Inu, "Visit Bangladesh 2018" programı kapsamında, Türkiye, Kanada, Suudi Arabistan, Japonya, Umman, Brezilya, Etiyopya, Hindistan, Filipinler ve Güney Kore'den yaklaşık 50 gazeteciyle bir araya gelerek sorularını yanıtladı.
Arakan krizinden Myanmar hükümetinin sorumlu olduğunu belirten Inu, "Uluslararası kurumlar bu sorunu çözmek için daha atılgan olmalı. Bu kapsamda bütün uluslararası kurumlara Arakan sorununa çözüm bulmaları için çağrıda bulunuyoruz." diye konuştu.
Ülkesinde medyanın Arakan krizine özel olarak yer ayırdığını dile getiren Inu, "Medya, Arakanlıların Bangladeş'e Myanmar'da soykırıma uğradığı için geldikleri gerçeğini sayfalarına taşıyor." ifadesini kullandı.
Inu, ülkesinde 'bir değişim rüzgarı olduğunu' kaydederek, gelişen medya ve iletişim sektörüyle ilgili gazetecileri bilgilendirdi. Bangladeş'te medyanın çok sesli olduğunu söyleyen Inu, "Bangladeş'te 10 yıl önce 700 gazete vardı. Şu anda kayıtlı gazete sayısı ise 2 bin 800." dedi.
"Türkiye Arakanlılara en çok yardım eden ülkelerden biri"

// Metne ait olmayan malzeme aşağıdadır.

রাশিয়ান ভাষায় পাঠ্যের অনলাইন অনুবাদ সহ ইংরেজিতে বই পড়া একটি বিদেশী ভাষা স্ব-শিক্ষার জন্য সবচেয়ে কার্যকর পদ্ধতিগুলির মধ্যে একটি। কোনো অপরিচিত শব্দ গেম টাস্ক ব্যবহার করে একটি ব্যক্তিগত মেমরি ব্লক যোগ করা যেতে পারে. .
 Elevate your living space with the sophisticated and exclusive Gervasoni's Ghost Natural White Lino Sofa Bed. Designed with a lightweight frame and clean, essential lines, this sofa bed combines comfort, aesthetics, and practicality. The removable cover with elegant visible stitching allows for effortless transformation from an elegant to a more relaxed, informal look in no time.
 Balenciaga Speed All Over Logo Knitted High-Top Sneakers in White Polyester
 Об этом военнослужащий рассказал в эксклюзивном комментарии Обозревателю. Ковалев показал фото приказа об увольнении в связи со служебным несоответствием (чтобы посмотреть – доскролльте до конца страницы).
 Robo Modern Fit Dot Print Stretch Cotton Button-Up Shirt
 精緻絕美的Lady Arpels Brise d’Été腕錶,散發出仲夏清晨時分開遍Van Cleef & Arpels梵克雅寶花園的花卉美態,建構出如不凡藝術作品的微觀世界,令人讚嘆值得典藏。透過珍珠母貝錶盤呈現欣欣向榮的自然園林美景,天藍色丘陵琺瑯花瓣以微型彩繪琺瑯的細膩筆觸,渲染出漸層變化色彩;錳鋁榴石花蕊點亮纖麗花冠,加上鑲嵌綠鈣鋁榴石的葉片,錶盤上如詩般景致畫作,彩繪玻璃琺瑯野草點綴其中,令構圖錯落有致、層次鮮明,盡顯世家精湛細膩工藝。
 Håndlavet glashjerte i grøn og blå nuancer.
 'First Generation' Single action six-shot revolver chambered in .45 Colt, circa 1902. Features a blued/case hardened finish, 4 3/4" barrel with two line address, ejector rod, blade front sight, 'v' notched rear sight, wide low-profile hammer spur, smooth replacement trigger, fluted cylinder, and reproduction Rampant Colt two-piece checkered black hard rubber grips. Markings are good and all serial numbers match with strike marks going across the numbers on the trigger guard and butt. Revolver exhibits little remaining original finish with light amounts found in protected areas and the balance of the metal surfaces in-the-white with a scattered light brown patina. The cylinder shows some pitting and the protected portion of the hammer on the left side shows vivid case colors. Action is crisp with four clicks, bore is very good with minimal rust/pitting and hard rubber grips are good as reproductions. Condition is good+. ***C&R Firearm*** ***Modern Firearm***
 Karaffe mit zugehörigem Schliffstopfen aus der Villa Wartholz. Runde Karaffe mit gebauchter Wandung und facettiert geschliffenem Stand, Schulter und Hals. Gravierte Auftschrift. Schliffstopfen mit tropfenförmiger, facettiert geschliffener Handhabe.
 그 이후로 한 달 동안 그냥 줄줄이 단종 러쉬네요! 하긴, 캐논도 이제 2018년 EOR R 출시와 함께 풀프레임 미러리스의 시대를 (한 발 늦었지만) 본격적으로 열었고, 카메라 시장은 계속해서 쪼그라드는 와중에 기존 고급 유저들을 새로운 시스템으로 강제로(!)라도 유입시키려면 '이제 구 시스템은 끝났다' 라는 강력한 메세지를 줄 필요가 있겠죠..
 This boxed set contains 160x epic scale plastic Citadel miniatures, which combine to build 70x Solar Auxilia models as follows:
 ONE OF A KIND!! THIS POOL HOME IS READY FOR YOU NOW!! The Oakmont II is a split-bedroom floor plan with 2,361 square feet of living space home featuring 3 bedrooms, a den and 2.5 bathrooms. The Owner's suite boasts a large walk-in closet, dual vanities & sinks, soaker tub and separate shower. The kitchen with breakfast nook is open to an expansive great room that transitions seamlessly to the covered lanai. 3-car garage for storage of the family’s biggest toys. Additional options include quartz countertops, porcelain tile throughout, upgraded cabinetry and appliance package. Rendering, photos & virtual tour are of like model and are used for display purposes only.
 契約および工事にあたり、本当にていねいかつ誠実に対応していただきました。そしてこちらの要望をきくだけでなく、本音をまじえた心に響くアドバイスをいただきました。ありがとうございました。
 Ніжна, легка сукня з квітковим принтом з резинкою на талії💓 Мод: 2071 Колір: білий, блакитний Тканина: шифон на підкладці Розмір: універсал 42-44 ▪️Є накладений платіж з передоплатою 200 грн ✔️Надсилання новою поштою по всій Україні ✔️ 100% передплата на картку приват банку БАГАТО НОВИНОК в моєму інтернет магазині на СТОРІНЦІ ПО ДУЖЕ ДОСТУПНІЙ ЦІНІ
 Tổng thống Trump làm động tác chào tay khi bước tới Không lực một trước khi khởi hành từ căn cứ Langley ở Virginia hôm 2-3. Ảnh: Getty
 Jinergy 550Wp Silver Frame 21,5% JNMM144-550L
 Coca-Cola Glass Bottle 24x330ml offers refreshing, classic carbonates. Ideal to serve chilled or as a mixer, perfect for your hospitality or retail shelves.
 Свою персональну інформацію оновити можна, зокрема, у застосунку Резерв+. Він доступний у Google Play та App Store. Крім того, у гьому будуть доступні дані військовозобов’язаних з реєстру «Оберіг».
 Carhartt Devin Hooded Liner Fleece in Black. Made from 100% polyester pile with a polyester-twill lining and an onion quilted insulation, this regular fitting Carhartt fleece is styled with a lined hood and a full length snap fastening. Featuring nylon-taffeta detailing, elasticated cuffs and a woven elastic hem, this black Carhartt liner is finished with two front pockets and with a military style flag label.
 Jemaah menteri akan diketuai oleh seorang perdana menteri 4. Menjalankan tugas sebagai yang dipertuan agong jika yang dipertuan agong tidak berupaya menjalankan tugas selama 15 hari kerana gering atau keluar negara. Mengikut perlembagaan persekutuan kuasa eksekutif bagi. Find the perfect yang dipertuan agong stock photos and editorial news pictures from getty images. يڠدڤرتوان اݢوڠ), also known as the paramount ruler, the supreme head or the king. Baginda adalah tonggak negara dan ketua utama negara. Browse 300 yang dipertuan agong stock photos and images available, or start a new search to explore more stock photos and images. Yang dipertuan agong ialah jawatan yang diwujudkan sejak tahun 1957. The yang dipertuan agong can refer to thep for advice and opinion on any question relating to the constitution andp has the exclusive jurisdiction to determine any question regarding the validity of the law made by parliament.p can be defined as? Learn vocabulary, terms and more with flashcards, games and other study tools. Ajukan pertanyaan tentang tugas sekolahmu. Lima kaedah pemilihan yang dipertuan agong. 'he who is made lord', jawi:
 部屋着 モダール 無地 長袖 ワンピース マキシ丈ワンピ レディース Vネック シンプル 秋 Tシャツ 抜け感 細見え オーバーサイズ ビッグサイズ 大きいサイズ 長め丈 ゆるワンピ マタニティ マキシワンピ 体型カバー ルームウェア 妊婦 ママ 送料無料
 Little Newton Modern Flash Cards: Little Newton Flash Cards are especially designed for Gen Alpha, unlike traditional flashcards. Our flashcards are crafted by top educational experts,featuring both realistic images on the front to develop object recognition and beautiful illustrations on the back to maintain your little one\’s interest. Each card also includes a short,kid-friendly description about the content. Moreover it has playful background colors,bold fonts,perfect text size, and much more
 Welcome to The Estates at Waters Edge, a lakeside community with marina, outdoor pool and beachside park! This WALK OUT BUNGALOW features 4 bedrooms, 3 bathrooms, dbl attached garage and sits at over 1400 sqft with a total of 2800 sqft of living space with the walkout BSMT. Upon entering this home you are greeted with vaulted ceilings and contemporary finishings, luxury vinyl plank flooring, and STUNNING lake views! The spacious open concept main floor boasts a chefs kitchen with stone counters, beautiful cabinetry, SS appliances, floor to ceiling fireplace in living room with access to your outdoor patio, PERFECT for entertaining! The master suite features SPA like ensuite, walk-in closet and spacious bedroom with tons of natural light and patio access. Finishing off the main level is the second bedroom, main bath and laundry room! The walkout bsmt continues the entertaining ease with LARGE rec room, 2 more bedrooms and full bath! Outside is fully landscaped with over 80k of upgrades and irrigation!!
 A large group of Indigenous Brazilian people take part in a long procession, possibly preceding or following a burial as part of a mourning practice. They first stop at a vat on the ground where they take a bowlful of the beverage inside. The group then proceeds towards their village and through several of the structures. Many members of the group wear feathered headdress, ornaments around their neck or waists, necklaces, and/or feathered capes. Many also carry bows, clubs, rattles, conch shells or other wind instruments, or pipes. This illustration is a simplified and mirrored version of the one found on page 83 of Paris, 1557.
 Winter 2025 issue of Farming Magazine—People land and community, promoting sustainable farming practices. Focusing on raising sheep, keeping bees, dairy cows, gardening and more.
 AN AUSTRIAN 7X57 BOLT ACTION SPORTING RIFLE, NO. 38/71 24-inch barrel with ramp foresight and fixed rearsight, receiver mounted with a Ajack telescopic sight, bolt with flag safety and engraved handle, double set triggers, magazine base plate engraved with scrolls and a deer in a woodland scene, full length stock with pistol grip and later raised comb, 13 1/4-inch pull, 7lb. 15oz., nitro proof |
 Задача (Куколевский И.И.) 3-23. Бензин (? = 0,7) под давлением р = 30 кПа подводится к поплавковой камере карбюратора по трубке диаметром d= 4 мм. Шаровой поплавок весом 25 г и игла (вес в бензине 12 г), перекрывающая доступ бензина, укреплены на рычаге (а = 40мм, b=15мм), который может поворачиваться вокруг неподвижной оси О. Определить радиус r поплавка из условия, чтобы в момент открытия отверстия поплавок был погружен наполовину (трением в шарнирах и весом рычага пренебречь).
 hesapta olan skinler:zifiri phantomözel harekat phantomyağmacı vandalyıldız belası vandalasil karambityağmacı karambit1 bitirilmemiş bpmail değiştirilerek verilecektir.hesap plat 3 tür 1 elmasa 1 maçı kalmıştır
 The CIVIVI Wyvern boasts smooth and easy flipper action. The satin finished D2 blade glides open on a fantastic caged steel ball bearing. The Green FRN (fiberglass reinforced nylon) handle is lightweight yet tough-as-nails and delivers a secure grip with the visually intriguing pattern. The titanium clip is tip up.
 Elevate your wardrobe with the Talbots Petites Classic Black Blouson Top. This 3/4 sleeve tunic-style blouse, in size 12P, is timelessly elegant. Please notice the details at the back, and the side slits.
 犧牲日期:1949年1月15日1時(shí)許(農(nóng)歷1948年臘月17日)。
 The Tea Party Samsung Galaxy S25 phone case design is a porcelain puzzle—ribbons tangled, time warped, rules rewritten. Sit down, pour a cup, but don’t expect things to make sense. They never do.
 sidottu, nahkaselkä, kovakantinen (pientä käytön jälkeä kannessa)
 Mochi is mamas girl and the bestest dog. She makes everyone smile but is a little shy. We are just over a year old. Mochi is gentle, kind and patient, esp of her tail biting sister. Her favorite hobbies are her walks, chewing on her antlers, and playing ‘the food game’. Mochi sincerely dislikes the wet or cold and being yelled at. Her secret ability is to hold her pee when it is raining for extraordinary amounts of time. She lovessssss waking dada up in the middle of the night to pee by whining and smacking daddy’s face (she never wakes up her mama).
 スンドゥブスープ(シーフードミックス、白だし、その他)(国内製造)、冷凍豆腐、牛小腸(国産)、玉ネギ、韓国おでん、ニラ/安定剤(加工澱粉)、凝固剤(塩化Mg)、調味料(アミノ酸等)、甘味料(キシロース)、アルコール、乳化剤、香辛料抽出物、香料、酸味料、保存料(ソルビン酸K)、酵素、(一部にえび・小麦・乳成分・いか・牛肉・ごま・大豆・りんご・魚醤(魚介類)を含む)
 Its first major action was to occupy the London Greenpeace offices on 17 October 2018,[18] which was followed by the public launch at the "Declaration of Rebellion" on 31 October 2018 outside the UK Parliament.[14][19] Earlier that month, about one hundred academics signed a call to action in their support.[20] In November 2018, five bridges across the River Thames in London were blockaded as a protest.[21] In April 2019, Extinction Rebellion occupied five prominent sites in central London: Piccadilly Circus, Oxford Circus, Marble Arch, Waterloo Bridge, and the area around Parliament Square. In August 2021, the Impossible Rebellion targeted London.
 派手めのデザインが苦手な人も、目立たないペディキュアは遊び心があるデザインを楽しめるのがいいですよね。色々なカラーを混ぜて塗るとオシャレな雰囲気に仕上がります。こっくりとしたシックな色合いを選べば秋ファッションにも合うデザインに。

Bangladeş Başbakanı Şeyh Hasina'nın Siyasi Danışmanı Hüseyin Tevfik İmam da Bangladeş Başbakanlık Ofisinde gazetecilerin sorularını yanıtladı.
"Türkiye Arakanlılara en çok yardım eden ülkelerden biri." ifadesini kullanan İmam, Türkiye'nin Bangladeş'te ayrı bir kamp bile kurduğunu hatırlattı.
Arakanlı Müslümanlara etnik temizlik
Birleşmiş Milletlere (BM) göre, 25 Ağustos 2017'den sonra Arakan'dan kaçıp Bangladeş'e sığınanların sayısı 700 bini aştı. Uluslararası insan hakları kuruluşları, yayınladıkları uydu görüntüleriyle yüzlerce köyün yok edildiğini kanıtladı.
Arakanlıların topraklarına dönüşü için Myanmar ve Bangladeş hükümetleri arasında imzalanan anlaşma, yerinden edilenlerin durumlarını belgelendirmeleri mümkün olmadığı için uygulamada işlevsiz kalıyor.
BM ve uluslararası insan hakları örgütleri, Arakanlı Müslümanlara yönelik şiddeti, "etnik temizlik" ya da "soykırım" olarak adlandırıyor.